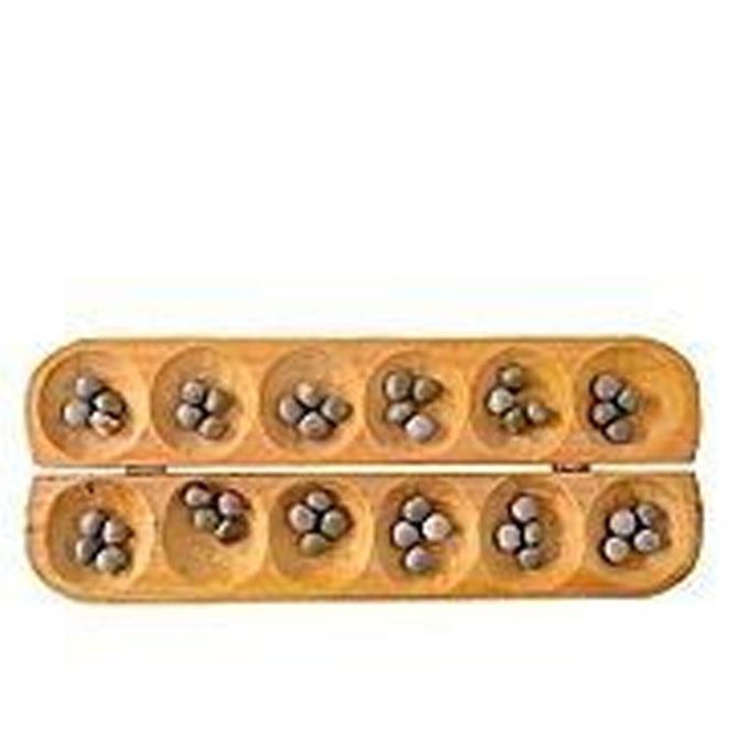 is played by two people, facing each other, over two rows of six pockets, or holes in the ground. Each player places four seeds or tones in each of their six pockets and the players then take turns of picking up all of the pieces from one of the pockets and dropping one of them into another pocket one by one.
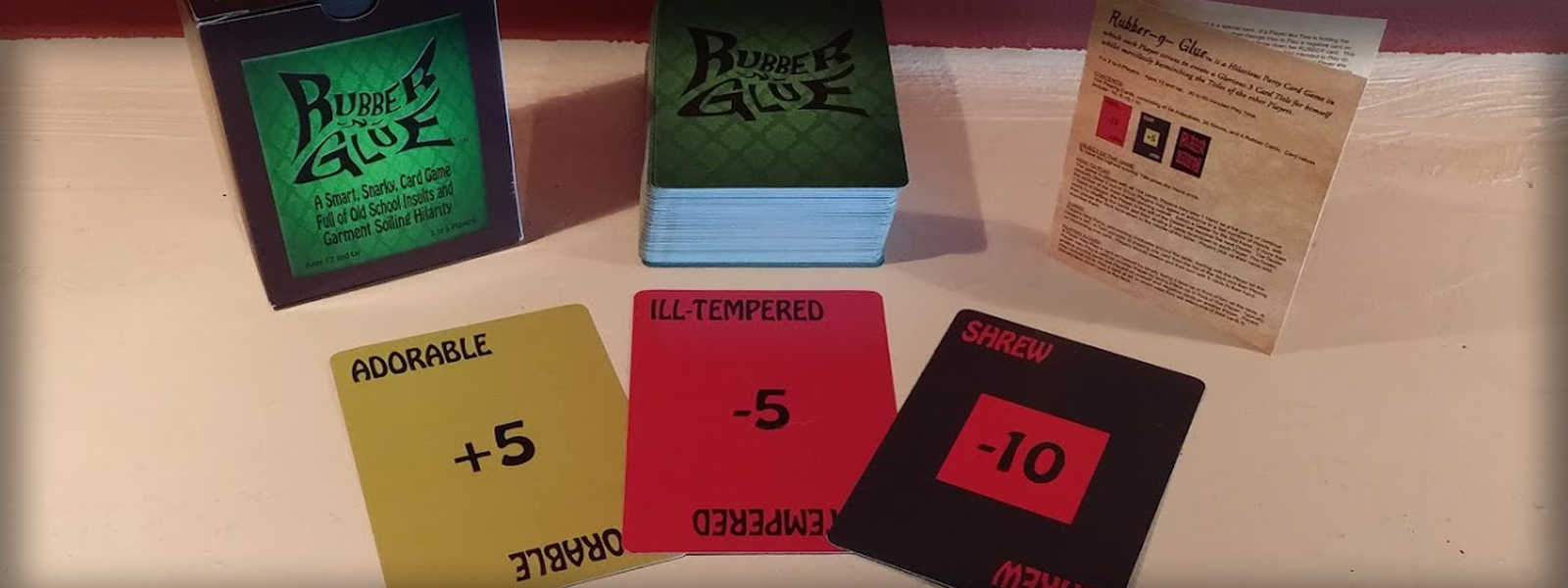 RUBBER-N-GLUE is a hilarious party card game in which each Player strives to create a glorious, 3-card, Title for him or herself whilst mercilessly besmirching the Titles of the other Players.
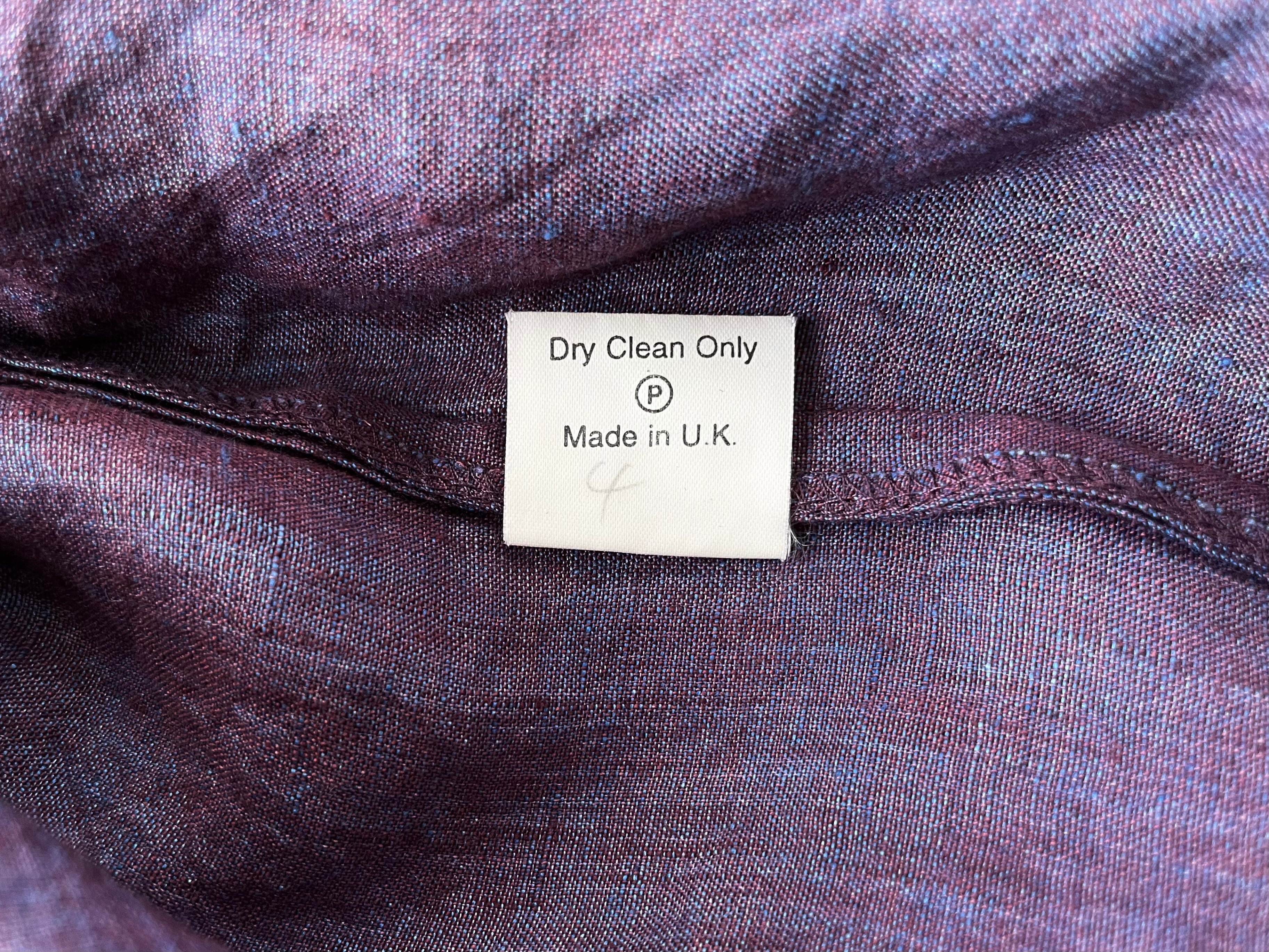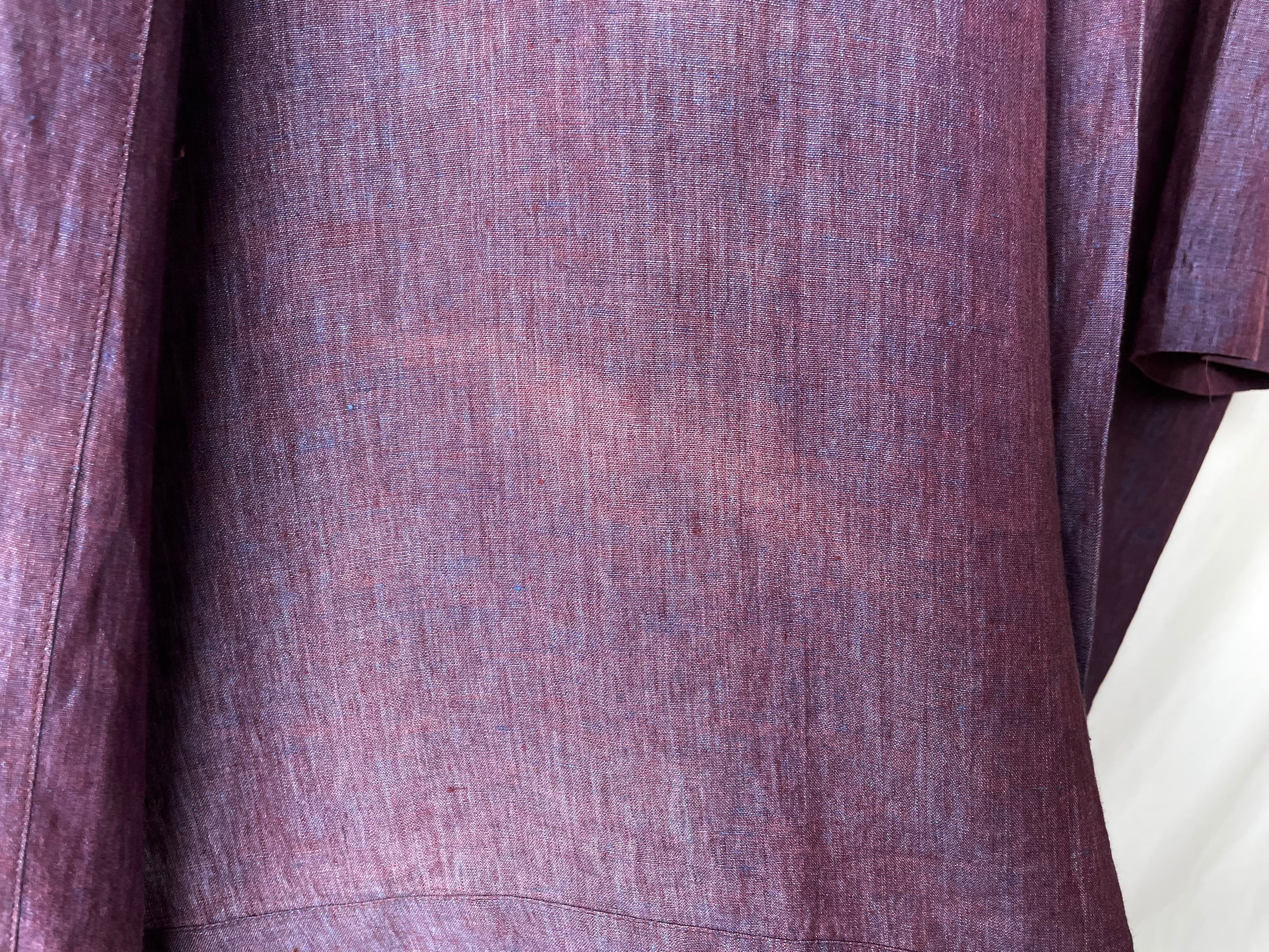 A pure linen with a wonderful expression, with bright blue/reddish brown threads.
○ ○ ○ ○
** Work order **
Copy all of the data word for word, and keep the pictures out of it.

** Answer area **
 is played by two people, facing each other, over two rows of six pockets, or holes in the ground. Each player places four seeds or tones in each of their six pockets and the players then take turns of picking up all of the pieces from one of the pockets and dropping one of them into another pocket one by one.
 RUBBER-N-GLUE is a hilarious party card game in which each Player strives to create a glorious, 3-card, Title for him or herself whilst mercilessly besmirching the Titles of the other Players.
 A pure linen with a wonderful expression, with bright blue/reddish brown threads.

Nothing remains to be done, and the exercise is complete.